# Ulan



## Luiz Eduardo Brandão

Merhaba!
Is _ulan_ a filthy word? I mean, when someone calls a guy, e.g.:

"Hey! Uyansana ulan!"
Korktum! Mustafa'ymış! Hemen ayağa kalktım.


----------



## Rallino

It's not always filthy, it may be used as a filler in spoken language, wherein it is not considered bad. 

Ex: _"... Sonra derse girdik, profesör PowerPoint sunumlarını bize okumaya başladı. Ulan ben onları evde de okurdum; sen bize kendin anlatmayacaksan, biz niye derse geliyoruz ki?! "_


But if you use it when addressing someone, it is rude.
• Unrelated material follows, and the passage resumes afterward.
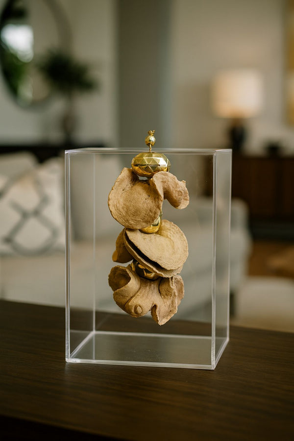 A Escultura Teyna traduz a leveza do movimento e a harmonia da natureza em uma peça de design sofisticado. Dentro de sua estrutura em acrílico cristalino, elementos orgânicos preservados dialogam com detalhes metálicos dourados, criando um contraste elegante e atemporal. Com dimensões de 20,5 × 13 cm, esta obra se adapta com maestria a estantes, aparadores e mesas de centro, conferindo um ar de exclusividade e refinamento ao ambiente. Um detalhe artístico que transforma o espaço em uma verdadeira expressão de estilo e bom gosto.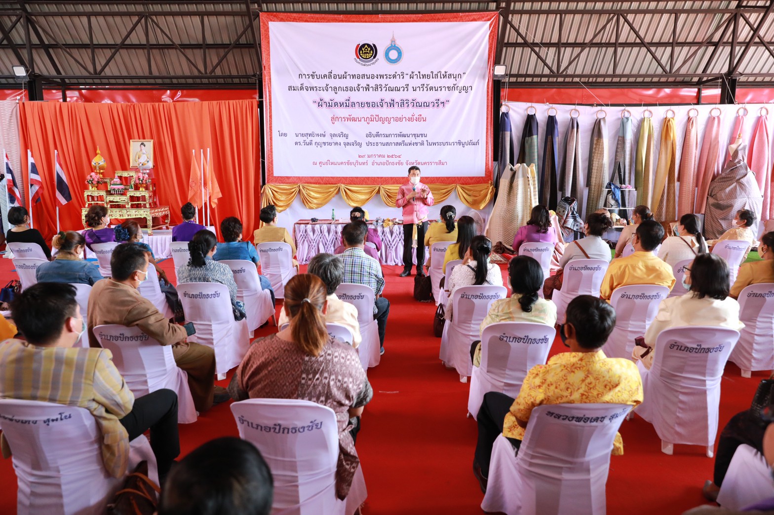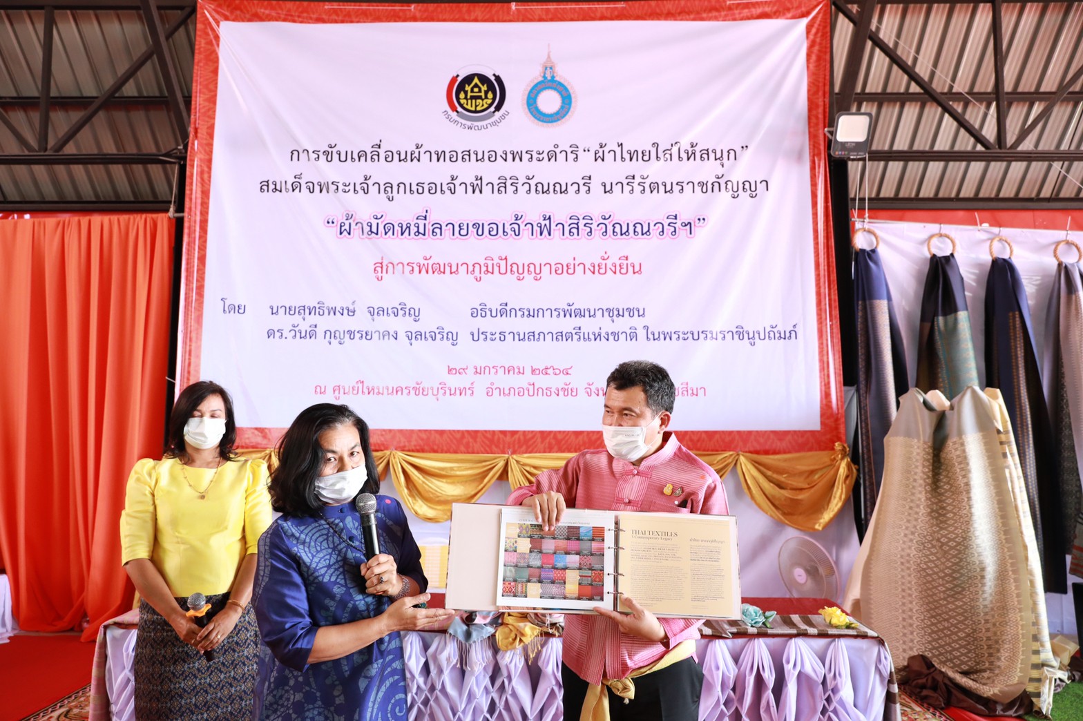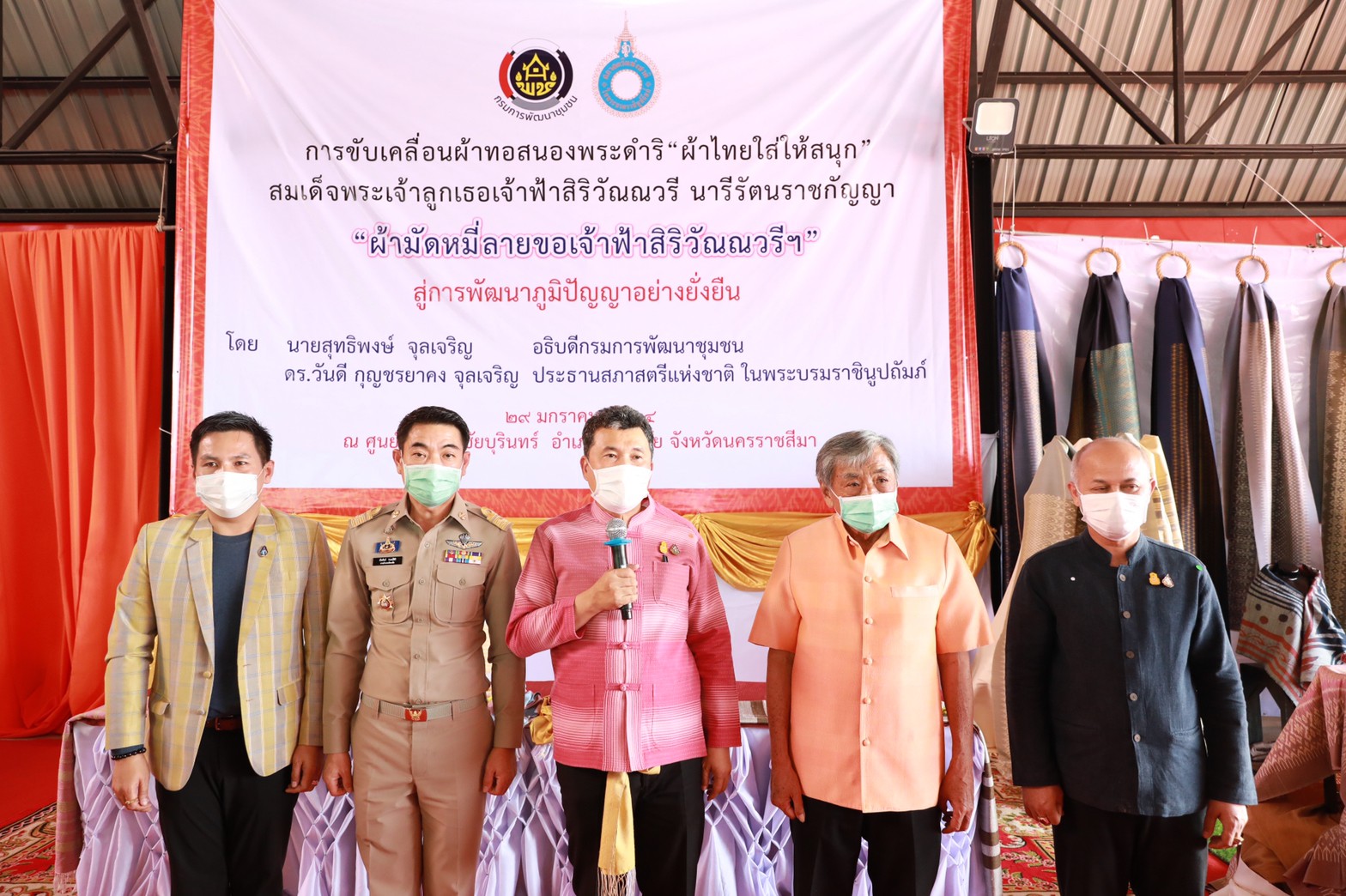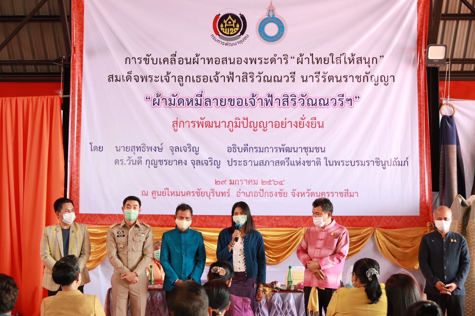 นายสุทธิพงษ์ จุลเจริญ อธิบดีกรมการพัฒนาชุมชน กระทรวงมหาดไทย เป็นประธานเวทีแลกเปลี่ยนการขับเคลื่อนผ้าทอ สนองพระดำริ “ผ้าไทยใส่ให้สนุก” ร่วมกับกลุ่มทอผ้า ผู้ผลิตผู้ประกอบการ OTOP ในการขับเคลื่อนกระบวนการ “ต้นน้ำ กลางน้ำ ปลายน้ำ” การสืบสาน “อนุรักษ์ศิลป์ผ้าถิ่นไทย ดำรงไว้ในแผ่นดิน” และเยี่ยมชมความก้าวหน้าการทอผ้าลาย “ผ้ามัดหมี่ลายขอเจ้าฟ้าสิริวัณณวรีฯ” สู่การพัฒนาภูมิปัญญาอย่างยั่งยืน โดยมี นายวิเชียร จันทรโณทัย ผู้ว่าราชการจังหวัดนครราชสีมา นายสุรศักดิ์ อักษรกุล รองอธิบดีกรมการพัฒนาชุมชน นายบัลลังก์ ไวทย์ศิริ นายอำเภอปักธงชัย นางสาวฑัชชา ปรีดาวิจิตรกุล ประธานเครือข่ายOTOP นายนุวัฒน์ พรมจันทึก ผู้แทนศูนย์หม่อนไหมเฉลิมพระเกียรติฯ นครราชสีมา พร้อมด้วย หัวหน้าส่วนราชการระดับจังหวัด คณะผู้บริหารกรมการพัฒนาชุมชนและเจ้าหน้าที่กรมการพัฒนาชุมชน ทั้ง 32 อำเภอ และกลุ่มทอผ้าจากกลุ่มนครชัยบุรินทร์ ใน 4 จังหวัด (นครราชสีมา,ชัยภูมิ,บุรีรัมย์,สุรินทร์) จำนวน 78 กลุ่ม และกลุ่มทอผ้า จ.มหาสารคาม จำนวน 3 กลุ่ม จ.สกลนคร จำนวน 5 กลุ่ม รวมทั้งหมด จำนวน 86 กลุ่ม เข้าร่วม ณ ศูนย์ไหมนครชัยบุรินทร์ อำเภอปักธงชัย จังหวัดนครราชสีมา

And one might find himself in trouble if he uses it with people he is not acquainted with.


----------



## Luiz Eduardo Brandão

Thank you again, Rallino.


----------



## poika-

If you know the usage of 'malaka' in Greek; we also use Ulan (or just _lan) _in that meaning


----------



## Luiz Eduardo Brandão

Thank you, poika.


----------



## cicikuş

Rallino said:


> But if you use it when addressing someone, it is rude. And one might find himself in trouble if he uses it with people he is not acquainted with.



Not always. If you adress someone with "ulan" and they know you are non-native speaker of the Turkish language, it can sound pretty friendly


----------



## Luiz Eduardo Brandão

Thank you, Cicikuş.


----------